> _PROVIDED ENTRIES_:
++++++++

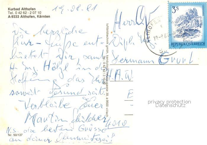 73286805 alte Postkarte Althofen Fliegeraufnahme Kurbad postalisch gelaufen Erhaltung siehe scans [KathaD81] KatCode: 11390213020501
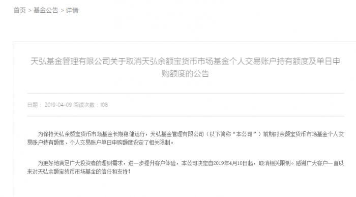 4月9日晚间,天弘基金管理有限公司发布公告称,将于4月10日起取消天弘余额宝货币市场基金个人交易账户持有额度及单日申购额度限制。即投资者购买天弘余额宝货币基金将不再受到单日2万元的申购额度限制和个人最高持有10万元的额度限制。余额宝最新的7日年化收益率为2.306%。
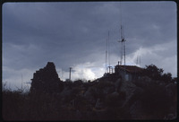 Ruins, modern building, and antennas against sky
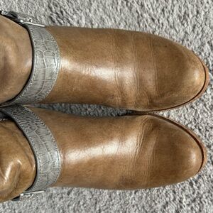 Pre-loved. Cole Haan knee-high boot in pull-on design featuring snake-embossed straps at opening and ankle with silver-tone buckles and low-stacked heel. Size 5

++++++++

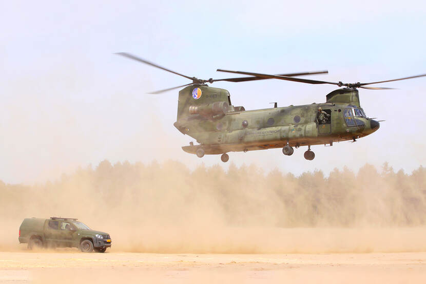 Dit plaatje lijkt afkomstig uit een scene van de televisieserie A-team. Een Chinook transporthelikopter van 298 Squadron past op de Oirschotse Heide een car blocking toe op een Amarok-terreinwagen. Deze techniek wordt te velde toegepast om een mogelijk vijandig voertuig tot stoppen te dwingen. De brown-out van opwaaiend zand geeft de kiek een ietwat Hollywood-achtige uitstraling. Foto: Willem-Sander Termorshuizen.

++++++++

> _DIRECTIONS FOR THIS TASK_: In the data above, find the line with "4月9日晚间,天弘基金管理有" and the line with "Pre-loved. Cole Haan". Please copy exactly those two lines and every line between them, but not the pictures.

> _SOLUTION TO THE EXERCISE_:
 4月9日晚间,天弘基金管理有限公司发布公告称,将于4月10日起取消天弘余额宝货币市场基金个人交易账户持有额度及单日申购额度限制。即投资者购买天弘余额宝货币基金将不再受到单日2万元的申购额度限制和个人最高持有10万元的额度限制。余额宝最新的7日年化收益率为2.306%。
 Ruins, modern building, and antennas against sky
 Pre-loved. Cole Haan knee-high boot in pull-on design featuring snake-embossed straps at opening and ankle with silver-tone buckles and low-stacked heel. Size 5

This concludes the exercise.